Geçen haftada da hep bilimadamlarıyla esprilerimize konu olan İsviçre’deydik – gerçi şimdilerde antidemokratik tutumlarıyla dünyanın gündeminde ama orası yazımızın konusu değil. Kantonlara ayrılmış, her bölgenin kendi kuralları içerisinde yaşadığı, dış görüntüsüyle masallara konu olabilecek bitki örtüsü, aşırı zengin, epey pahalı lüks haliyle sadece gezmeye geldiyseniz sizde hoş bir etki bırakıyor. Biraz yaşamın içine dahil olup gözlem yaparak burada yaşayanlarla sohbet edince aslında Avrupa’nın göründüğü kadar “estetik” olmadığını anlıyorsunuz. O yüzden yurtdışında gurbetçi ailelerimize yönelik yapılan kültürel faaliyetlerin niteliği önemli.

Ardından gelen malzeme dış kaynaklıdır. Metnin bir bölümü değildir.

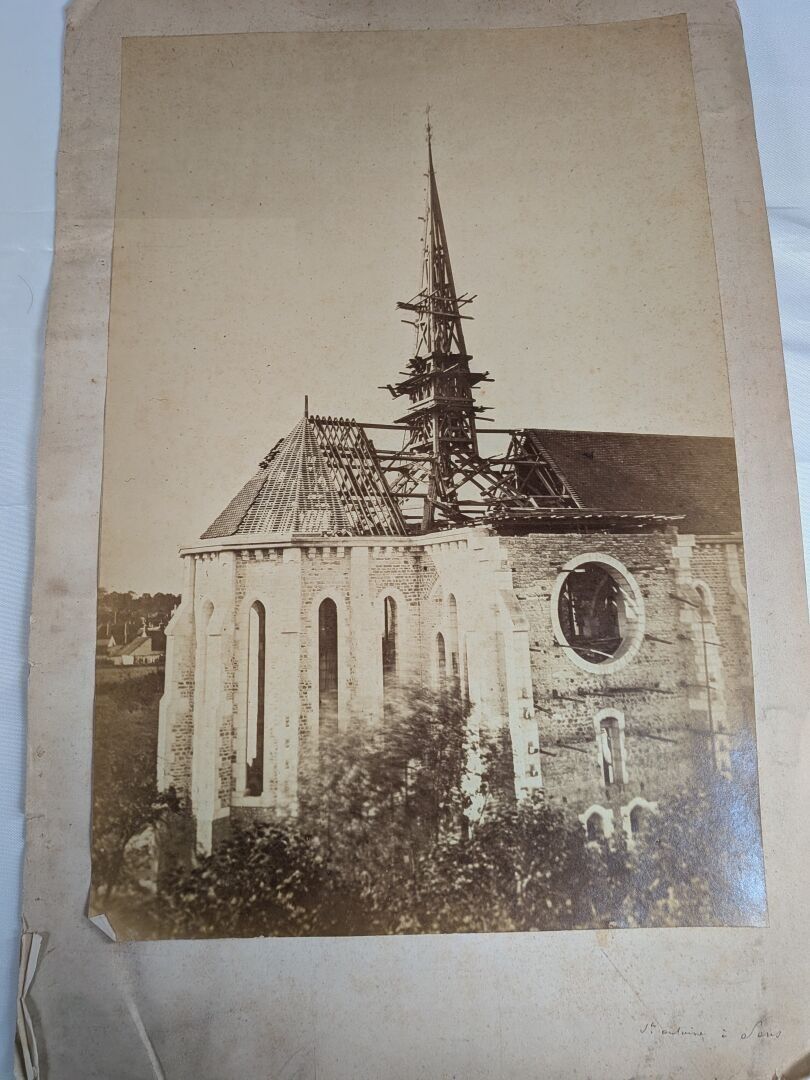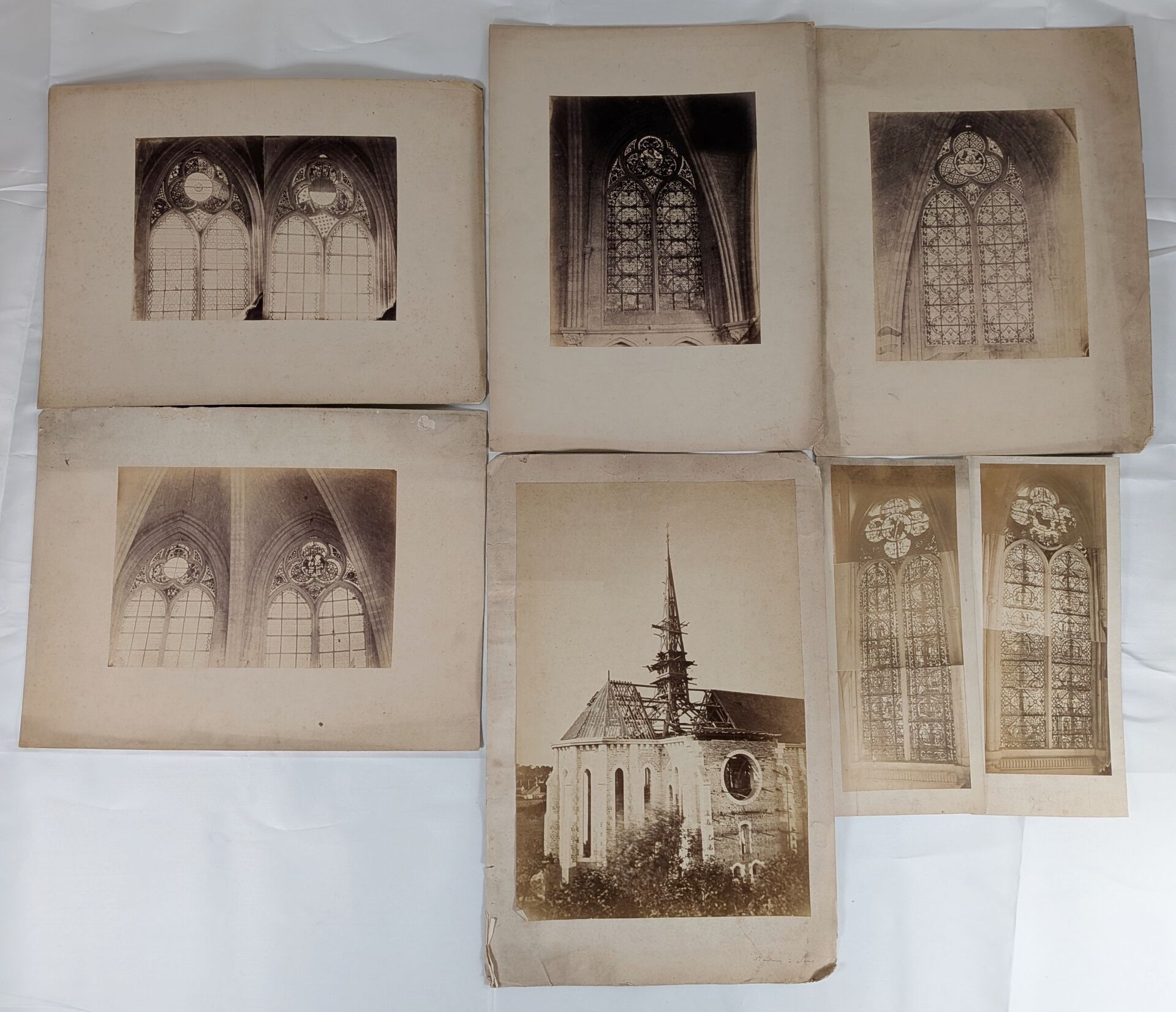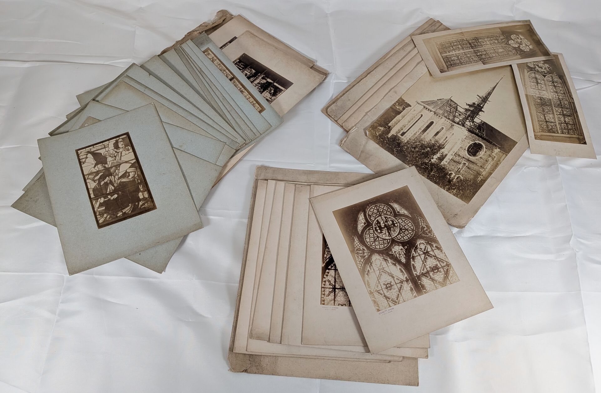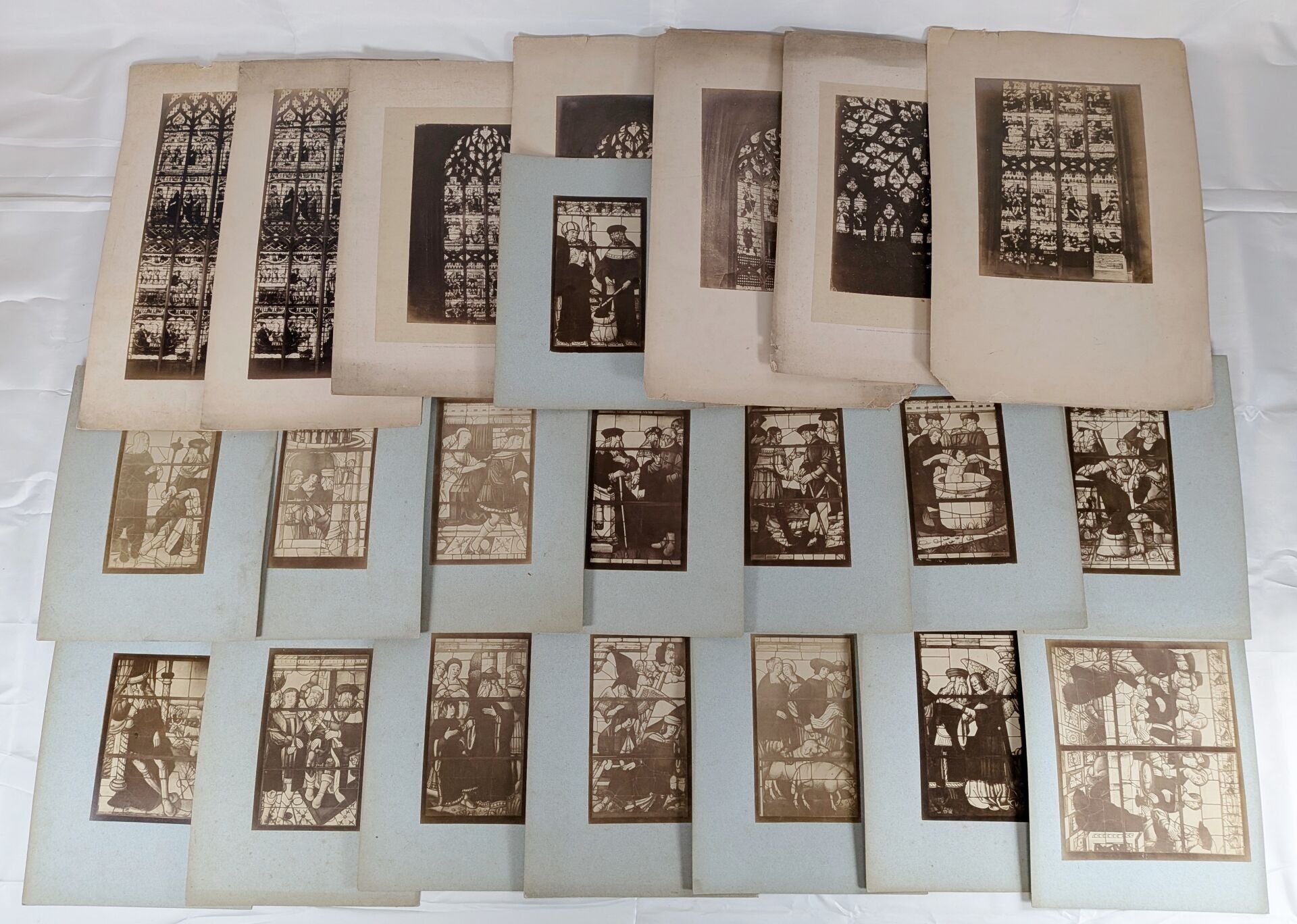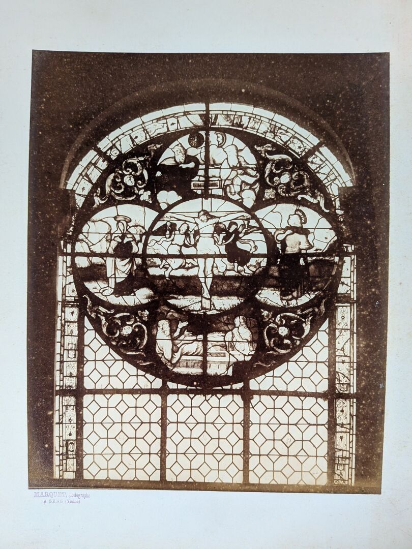 Gustave LANCELOT (1830 Epernay - 1906 Troyes. He settled in Troyes as a photographer and draughtsman from 1857). Set of 22 photographs showing stained glass windows or parts of windows mounted on card. Lot consisting of 7 photographs on white card and 15 photographs on blue card. Sight photographs on white card: 26 x 18 cm and 38 x 16 cm. Sight photographs on blue card: 19.5 x 11 cm.

Hemen her gittiğimiz Avrupa kentinde bizi karşılayan geleneksel Türk lezzetleri ve misafirperverliği İsviçre Zug’da da karşımıza çıktı. Gözlemeler açılmış, baklavalar tepsilerle dizilmiş, kendi aralarında şiveleriyle şakalaşan teyzeler akşamki program için hazırlanıyordu, fonda hafiften bir döner kokusu…
Biz Türkler gittiğimiz her yerde varolma konusunda aslında çok çalışkanız. Mesela İsviçre’ye geleli 18 yıl olmuş bir teyzenin halen Yozgat şivesini muhafaza ediyor olması, ya da Türkiye’de bile unutulmaya yüz tutmuş köy seyirlik oyunlarının bir Avrupa kentinde yaşatılması dikkate değer haller. Bu da bize gösteriyor ki, Avrupa’dakilerin öz kültürlerini koruma çabası Türkiye’de yaşayanlardan çok daha fazla. Bu çabaya desteklerin artması gerekiyor. Biz elimizden geleni yapmaya çalışıyoruz lakin tek başına yeterli değil.
Türkiye’deki tiyatroların, kültür sanat vakıflarının gurbetçi ailelerle ve bilhassa gençlerle daha sık ilişki içerisinde olması gerekiyor. Avrupa nezdinde yaşadığımız son hadiseler de gösteriyor ki, birlik duygusuyla dünyanın neresinde olursanız olun kendinizden olana sahip çıkmak gerekli bir özellik. Yetişen yeni nesiller içinde bu birlik duygusunu kaybetmemek önemli. Bu bağlamda da sanat birleştirici bir unsur olarak başrolü oynuyor.